Intracranial electroencephalography (intracranial EEG; iEEG) has widely been used in the field of human neuroscience, due to its high signal-to-noise ratio, spatial and temporal resolution, and ability to record from deep brain structures. We introduce a research-purpose acquisition framework for high-resolution iEEG that integrates with the hospital setting to securely and effortlessly route large amounts of neurophysiological data.

Human neuroscience research has greatly benefited from the multi-electrode, multi-day EEG collected from neuroelectrophysiological studies from people with refractory epilepsy. While a sampling rate below 2 kHz may be sufficient for current clinical practice, in which EEG is visually inspected, it may not be sufficient for development of computational methods and research studies. To routinely collect higher resolution data than the clinical standard, additional technical development would be necessary.

Neuroelectrophysiology from intracranial electrodes implanted for clinical neuromonitoring sessions were simultaneously and independently collected from the clinical and research ports of a clinical acquisition system. Pocket-sized routers were used to deploy an encrypted network tunnel that transmitted 10 kHz iEEG data of up to 256 electrodes from the clinical acquisition system in the patient room to a research computer located in the hospital server room.

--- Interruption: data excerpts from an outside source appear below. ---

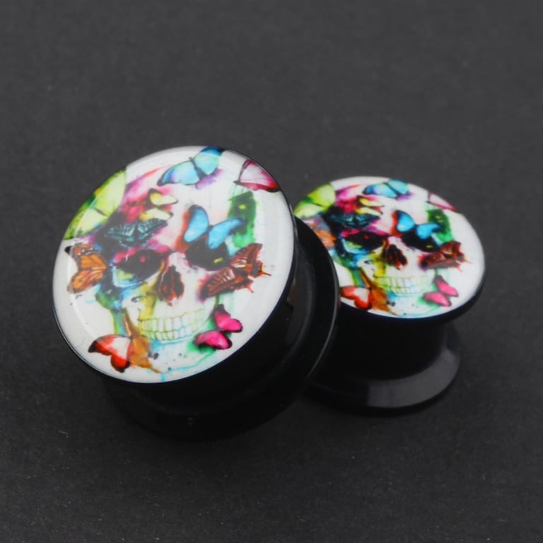 Beautiful plug with a skull and butterfly print.
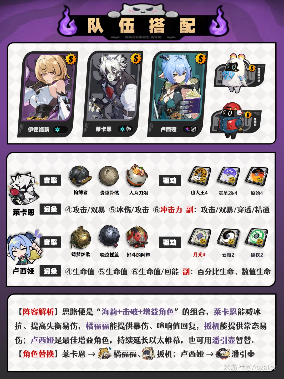 ① 卢西娅、潘引壶均沒有时,可依靠“攻击力转贯穿力”来筛选攻击力辅助,如嘉音、凯撒、露西、苍角等。
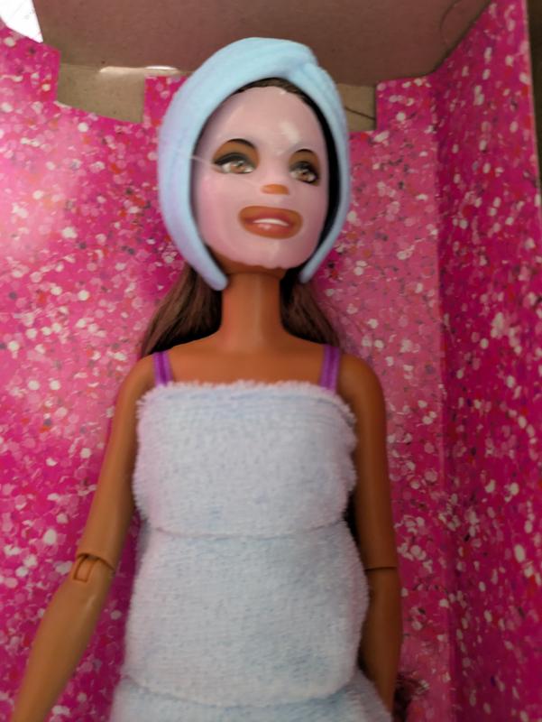 This Barbie is a fun unboxing toy/ gift. I think that my girls enjoyed opening the doll more than anything. There was a fun spa mask and robe. The toy comes with a little pet in a crumbly gel. My girls liked her color change hair in fun funky colors.

Since September 2017, we have recruited eligible patients undergoing iEEG clinical neuromonitoring studies at the adult and pediatric Stanford hospitals. As of October 2021, over 140 iEEG studies have routinely been recorded from more than 60 adults and children each, resulting in over 200 TB (800+ days) of neuroelectrophysiology data.

Our iEEG data acquisition system uses an “invisible platform” approach, such that research hardware leaves a footprint as small as possible with minimal interference to the clinical workflow. This acquisition infrastructure is a potential solution towards building a standardized EEG data repository to advance neuroscience research.